> [To do]: Retype all of the data word for word, without pictures.
*** Information shown Section Begins ***
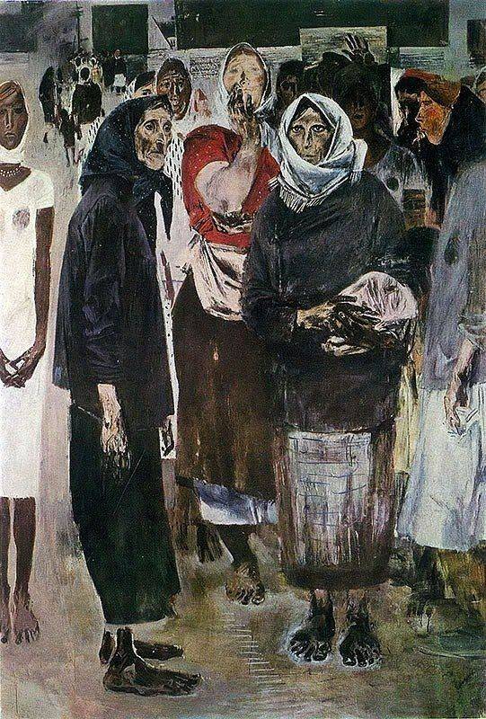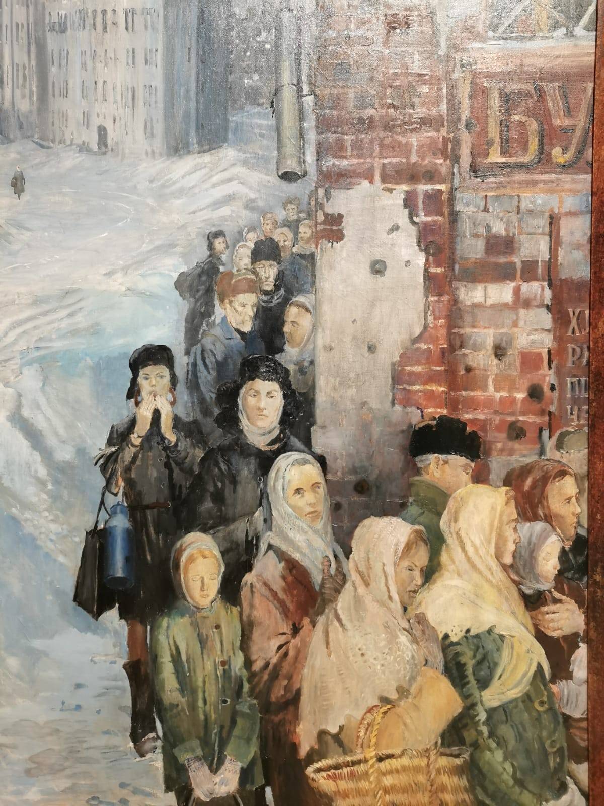 Юрий Пименов представлен картиной «Военный хлеб. 1941 год» (1972-1973). У мастера есть несколько подобных работ-воспоминаний о военной године, когда он, находясь в Москве, работал в «Окнах ТАСС». Пименов изобразил очередь за хлебом осенью 1941 года, когда в столице было крайне тревожно – немцы в свои полевые бинокли уж видели кремлёвские звёзды, заранее празднуя триумф, а провокаторы вбрасывали информацию, что город вот-вот сдадут противнику. Было студёно и жутко. Это и отобразил Пименов.
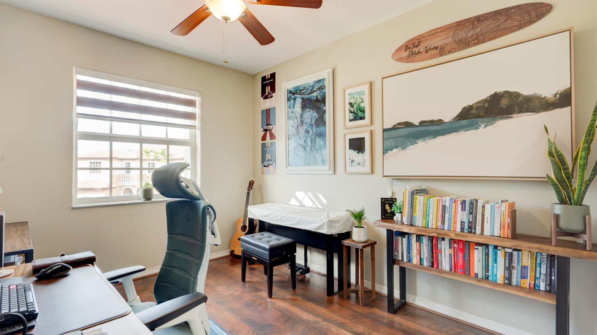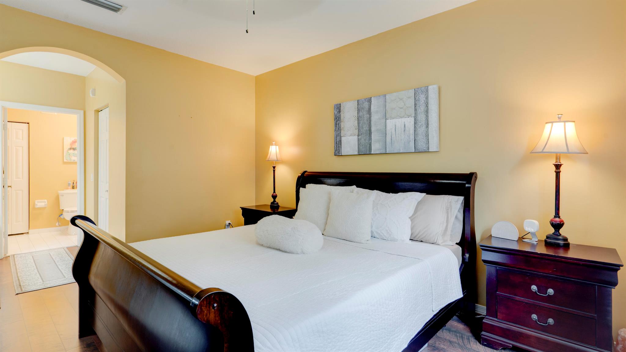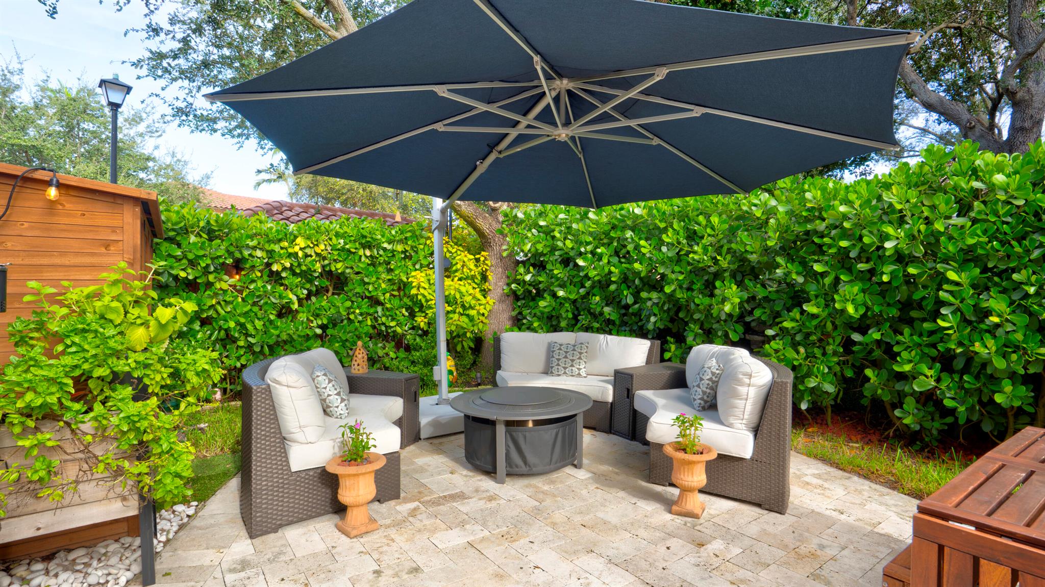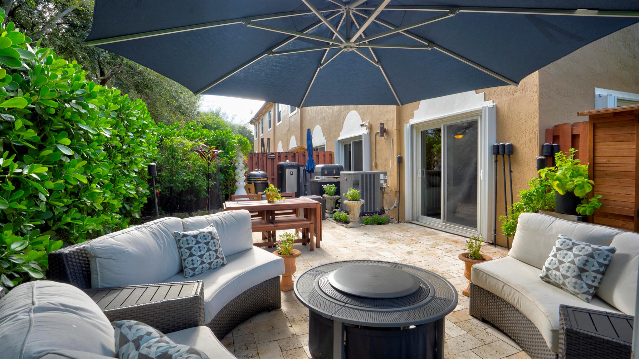 Beautiful corner-lot home featuring soaring ceilings, tray-ceiling dining, and master suite with garden tub. Kitchen boasts granite counters, remodeled cabinetry, SS appliances including new fridge, plus washer/dryer combo. Baths upgraded with quartz, cabinets, and new toilets. Modern touches include new laminate floors, stamped driveway, window treatments, and smart home features: Ecobee thermostat, Ring doorbell, outdoor cameras. Built for efficiency with impact windows/doors, accordion shutters, 2018 high-efficiency A/C under warranty, attic insulation, and full re-pipe. Backyard oasis offers travertine tile, lighting, mature Clusia hedges, and peaceful park views. Community amenities include clubhouse, fitness center, and pool. Move-in ready!
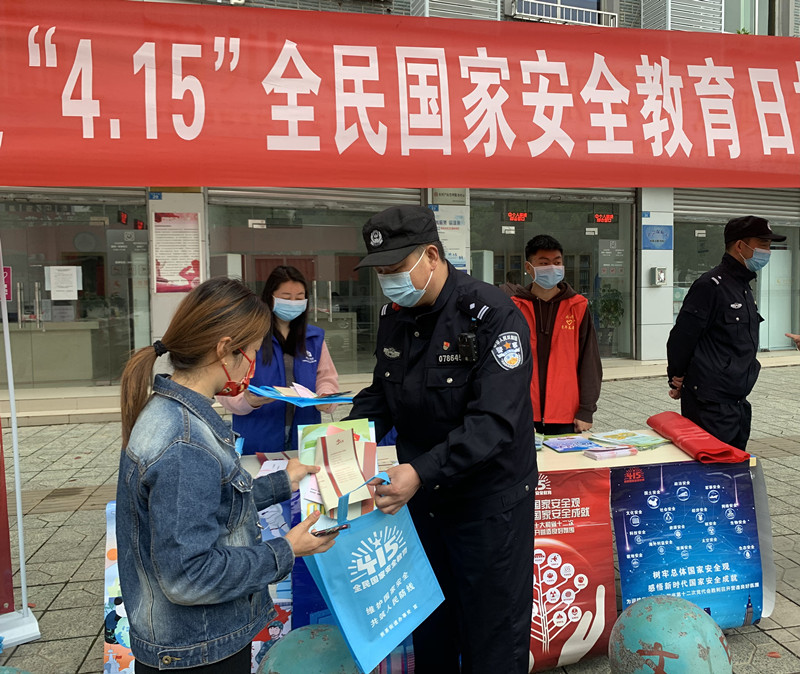 万安、永兴、煎茶、太平派出所分别开展了“全民国家安全教育日”宣传进社区活动。民辅警深入社区、市场、商铺、小区,为市民们开展国家安全法治宣传教育,进一步提高辖区群众国家安全意识,引导大家积极主动履行维护国家安全、荣誉和利益的基本义务。
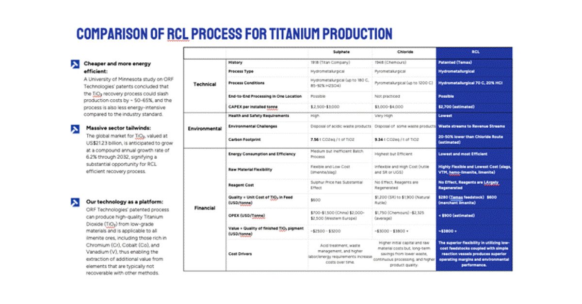 Environmental Performance: The closed-loop design and high reagent recycling rates are core to the RCL platform, irrespective of the target mineral. Over 69% lower operating costs compared to conventional processing due to its core features operating at near ambient temperatures.3 This means the reduced environmental footprint and enhanced ESG profile are benefits that extend to ores and minerals previously noted, not just TiO2.
*** Information shown Section Ends ***
> [Solution to the problem]:
 Юрий Пименов представлен картиной «Военный хлеб. 1941 год» (1972-1973). У мастера есть несколько подобных работ-воспоминаний о военной године, когда он, находясь в Москве, работал в «Окнах ТАСС». Пименов изобразил очередь за хлебом осенью 1941 года, когда в столице было крайне тревожно – немцы в свои полевые бинокли уж видели кремлёвские звёзды, заранее празднуя триумф, а провокаторы вбрасывали информацию, что город вот-вот сдадут противнику. Было студёно и жутко. Это и отобразил Пименов.
 Beautiful corner-lot home featuring soaring ceilings, tray-ceiling dining, and master suite with garden tub. Kitchen boasts granite counters, remodeled cabinetry, SS appliances including new fridge, plus washer/dryer combo. Baths upgraded with quartz, cabinets, and new toilets. Modern touches include new laminate floors, stamped driveway, window treatments, and smart home features: Ecobee thermostat, Ring doorbell, outdoor cameras. Built for efficiency with impact windows/doors, accordion shutters, 2018 high-efficiency A/C under warranty, attic insulation, and full re-pipe. Backyard oasis offers travertine tile, lighting, mature Clusia hedges, and peaceful park views. Community amenities include clubhouse, fitness center, and pool. Move-in ready!
 万安、永兴、煎茶、太平派出所分别开展了“全民国家安全教育日”宣传进社区活动。民辅警深入社区、市场、商铺、小区,为市民们开展国家安全法治宣传教育,进一步提高辖区群众国家安全意识,引导大家积极主动履行维护国家安全、荣誉和利益的基本义务。
 Environmental Performance: The closed-loop design and high reagent recycling rates are core to the RCL platform, irrespective of the target mineral. Over 69% lower operating costs compared to conventional processing due to its core features operating at near ambient temperatures.3 This means the reduced environmental footprint and enhanced ESG profile are benefits that extend to ores and minerals previously noted, not just TiO2.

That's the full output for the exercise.